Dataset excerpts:
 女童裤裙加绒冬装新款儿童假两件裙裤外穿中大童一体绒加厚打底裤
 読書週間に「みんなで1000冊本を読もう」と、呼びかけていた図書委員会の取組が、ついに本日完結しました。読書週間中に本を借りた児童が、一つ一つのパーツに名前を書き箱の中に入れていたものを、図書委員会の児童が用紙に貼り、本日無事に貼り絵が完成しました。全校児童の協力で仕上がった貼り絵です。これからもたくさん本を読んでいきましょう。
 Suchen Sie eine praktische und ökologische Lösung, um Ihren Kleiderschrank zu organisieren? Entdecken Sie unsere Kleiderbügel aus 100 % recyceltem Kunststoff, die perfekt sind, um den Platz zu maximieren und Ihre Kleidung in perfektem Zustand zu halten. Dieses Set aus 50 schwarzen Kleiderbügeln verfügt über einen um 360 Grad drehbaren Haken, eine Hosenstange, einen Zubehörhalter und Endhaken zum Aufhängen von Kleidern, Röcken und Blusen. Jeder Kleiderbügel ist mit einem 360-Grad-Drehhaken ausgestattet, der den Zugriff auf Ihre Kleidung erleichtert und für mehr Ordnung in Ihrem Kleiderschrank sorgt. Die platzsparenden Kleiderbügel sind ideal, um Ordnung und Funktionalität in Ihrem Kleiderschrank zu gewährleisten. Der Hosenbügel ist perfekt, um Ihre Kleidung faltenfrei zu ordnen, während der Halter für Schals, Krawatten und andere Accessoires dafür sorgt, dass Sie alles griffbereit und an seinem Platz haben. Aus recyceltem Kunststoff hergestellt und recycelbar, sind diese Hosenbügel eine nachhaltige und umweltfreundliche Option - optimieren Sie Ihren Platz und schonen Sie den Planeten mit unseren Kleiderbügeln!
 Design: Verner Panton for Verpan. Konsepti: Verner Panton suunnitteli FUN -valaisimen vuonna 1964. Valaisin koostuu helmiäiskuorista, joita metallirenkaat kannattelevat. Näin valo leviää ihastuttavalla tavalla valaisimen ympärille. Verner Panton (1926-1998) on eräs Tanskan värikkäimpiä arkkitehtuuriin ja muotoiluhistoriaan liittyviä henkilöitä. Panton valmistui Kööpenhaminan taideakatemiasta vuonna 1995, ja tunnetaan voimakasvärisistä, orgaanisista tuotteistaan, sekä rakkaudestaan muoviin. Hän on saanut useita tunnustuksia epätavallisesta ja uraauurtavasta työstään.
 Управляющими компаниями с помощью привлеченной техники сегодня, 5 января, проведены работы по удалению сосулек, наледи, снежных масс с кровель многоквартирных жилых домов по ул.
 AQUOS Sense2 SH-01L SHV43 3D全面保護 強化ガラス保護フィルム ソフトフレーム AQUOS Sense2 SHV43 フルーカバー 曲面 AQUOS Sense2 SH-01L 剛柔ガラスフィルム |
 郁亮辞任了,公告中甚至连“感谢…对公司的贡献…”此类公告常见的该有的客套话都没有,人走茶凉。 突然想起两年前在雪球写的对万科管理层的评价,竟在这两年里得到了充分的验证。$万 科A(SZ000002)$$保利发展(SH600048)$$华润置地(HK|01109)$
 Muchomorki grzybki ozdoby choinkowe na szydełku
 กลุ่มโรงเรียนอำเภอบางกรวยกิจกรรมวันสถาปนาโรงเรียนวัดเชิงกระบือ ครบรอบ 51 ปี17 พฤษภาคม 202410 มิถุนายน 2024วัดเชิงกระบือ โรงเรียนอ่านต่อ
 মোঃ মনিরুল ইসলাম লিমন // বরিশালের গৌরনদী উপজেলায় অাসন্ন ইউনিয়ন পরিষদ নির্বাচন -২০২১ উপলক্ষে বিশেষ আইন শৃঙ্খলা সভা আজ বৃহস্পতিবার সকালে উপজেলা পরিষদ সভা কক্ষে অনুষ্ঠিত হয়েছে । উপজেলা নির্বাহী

_Required work_
Reproduce all the data exactly. Include every line.

_Solution for this problem_
 女童裤裙加绒冬装新款儿童假两件裙裤外穿中大童一体绒加厚打底裤
 読書週間に「みんなで1000冊本を読もう」と、呼びかけていた図書委員会の取組が、ついに本日完結しました。読書週間中に本を借りた児童が、一つ一つのパーツに名前を書き箱の中に入れていたものを、図書委員会の児童が用紙に貼り、本日無事に貼り絵が完成しました。全校児童の協力で仕上がった貼り絵です。これからもたくさん本を読んでいきましょう。
 Suchen Sie eine praktische und ökologische Lösung, um Ihren Kleiderschrank zu organisieren? Entdecken Sie unsere Kleiderbügel aus 100 % recyceltem Kunststoff, die perfekt sind, um den Platz zu maximieren und Ihre Kleidung in perfektem Zustand zu halten. Dieses Set aus 50 schwarzen Kleiderbügeln verfügt über einen um 360 Grad drehbaren Haken, eine Hosenstange, einen Zubehörhalter und Endhaken zum Aufhängen von Kleidern, Röcken und Blusen. Jeder Kleiderbügel ist mit einem 360-Grad-Drehhaken ausgestattet, der den Zugriff auf Ihre Kleidung erleichtert und für mehr Ordnung in Ihrem Kleiderschrank sorgt. Die platzsparenden Kleiderbügel sind ideal, um Ordnung und Funktionalität in Ihrem Kleiderschrank zu gewährleisten. Der Hosenbügel ist perfekt, um Ihre Kleidung faltenfrei zu ordnen, während der Halter für Schals, Krawatten und andere Accessoires dafür sorgt, dass Sie alles griffbereit und an seinem Platz haben. Aus recyceltem Kunststoff hergestellt und recycelbar, sind diese Hosenbügel eine nachhaltige und umweltfreundliche Option - optimieren Sie Ihren Platz und schonen Sie den Planeten mit unseren Kleiderbügeln!
 Design: Verner Panton for Verpan. Konsepti: Verner Panton suunnitteli FUN -valaisimen vuonna 1964. Valaisin koostuu helmiäiskuorista, joita metallirenkaat kannattelevat. Näin valo leviää ihastuttavalla tavalla valaisimen ympärille. Verner Panton (1926-1998) on eräs Tanskan värikkäimpiä arkkitehtuuriin ja muotoiluhistoriaan liittyviä henkilöitä. Panton valmistui Kööpenhaminan taideakatemiasta vuonna 1995, ja tunnetaan voimakasvärisistä, orgaanisista tuotteistaan, sekä rakkaudestaan muoviin. Hän on saanut useita tunnustuksia epätavallisesta ja uraauurtavasta työstään.
 Управляющими компаниями с помощью привлеченной техники сегодня, 5 января, проведены работы по удалению сосулек, наледи, снежных масс с кровель многоквартирных жилых домов по ул.
 AQUOS Sense2 SH-01L SHV43 3D全面保護 強化ガラス保護フィルム ソフトフレーム AQUOS Sense2 SHV43 フルーカバー 曲面 AQUOS Sense2 SH-01L 剛柔ガラスフィルム |
 郁亮辞任了,公告中甚至连“感谢…对公司的贡献…”此类公告常见的该有的客套话都没有,人走茶凉。 突然想起两年前在雪球写的对万科管理层的评价,竟在这两年里得到了充分的验证。$万 科A(SZ000002)$$保利发展(SH600048)$$华润置地(HK|01109)$
 Muchomorki grzybki ozdoby choinkowe na szydełku
 กลุ่มโรงเรียนอำเภอบางกรวยกิจกรรมวันสถาปนาโรงเรียนวัดเชิงกระบือ ครบรอบ 51 ปี17 พฤษภาคม 202410 มิถุนายน 2024วัดเชิงกระบือ โรงเรียนอ่านต่อ
 মোঃ মনিরুল ইসলাম লিমন // বরিশালের গৌরনদী উপজেলায় অাসন্ন ইউনিয়ন পরিষদ নির্বাচন -২০২১ উপলক্ষে বিশেষ আইন শৃঙ্খলা সভা আজ বৃহস্পতিবার সকালে উপজেলা পরিষদ সভা কক্ষে অনুষ্ঠিত হয়েছে । উপজেলা নির্বাহী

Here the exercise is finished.